In choosing programming, ABC-TV tends toward what its managers must think of as a rather adventurous mindset, It’s clearly just tailored to meet the expectations of left-of-center urban elitists, but praising themselves for their taste and sophistication is of course one of the things that defines such people. And it can make for good entertainment if you can get past the intellectual complacency.
The new crime drama series How to Get Away with Murder (Thursdays, 9 p.m. EDT) exemplifies ABC’s approach: slightly different take on a conventional genre (crime drama)—check; talented, egotistical protagonist with vague hints of mystery—check; the most explicit legally possible depictions of non-marital sex, including homosexuality—check and double-check; attractive young people competing with each other for professional and sexual primacy—check; pretensions to intellectual value—check; avoiding a linear narrative time frame—check; and so on and on.
And what do you know? It works rather well. The pilot episode moves along at a nice clip, as a group of first-year law students chosen to work with their haughty, tart-tongued law professor (Viola Davis) in her extremely successful criminal law defense practice competes with each other to help her establish the client’s innocence and win the professor’s praise.

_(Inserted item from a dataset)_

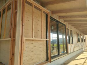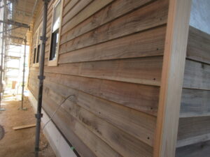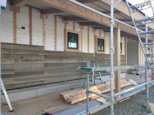 外部では、戸袋下地、外壁の板張りが着々と進められています。よろい張りです。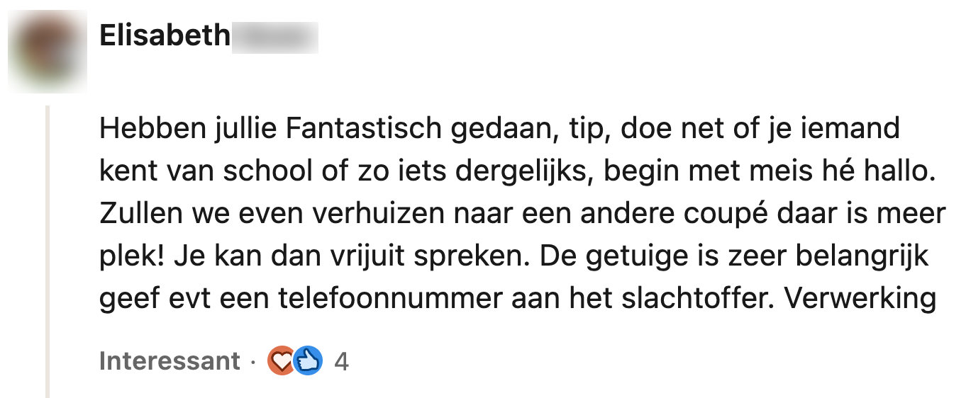 7. Mocht zo’n situatie in de trein zich nogmaals voordoen, dan heeft Elisabeth meer handige tips.

One complication to the plot is the strong implication that the client may in fact have committed the murder and be about to Get Away With it, as the series’ title suggests.
I’m not sure that very many people will enjoy seeing new murderers go unpunished every week, but perhaps that won’t be an important element of the series. One might compare that idea with the fact that the extremely popular Perry Mason TV series made the client’s innocence perfectly clear every week, and draw conclusions about changing social values and whatnot, but I’ll leave it up to you to make up your own mind about that.
Another complication, depicted in flash-forward scenes (or, if you prefer, the entire episode is told largely in flashbacks, and this is the narrative present—oh, forget it!), is that the four law students mentioned above spend a good part of the episode’s time trying to dispose of a dead body, with the initial implication being that they have killed this person, though I don’t buy it for a minute, since that would be too obvious. Anyway, these flash-forward sequences are apparently meant to be highly suspenseful, though they play out just as you would expect: they get away with it after plenty of close calls and much fretting and arguing with one another.
Still, it’s a good enough hook and will probably make for some interesting scenes of counter-plotting and backstabbing in future episodes. Like everything else about How to Get Away with Murder, it’s not nearly as clever as the show’s creative staff probably think it is, but it’s entertaining enough to be worth the time it takes to watch it. Episode 2 premieres tonight for those interested in taking a look.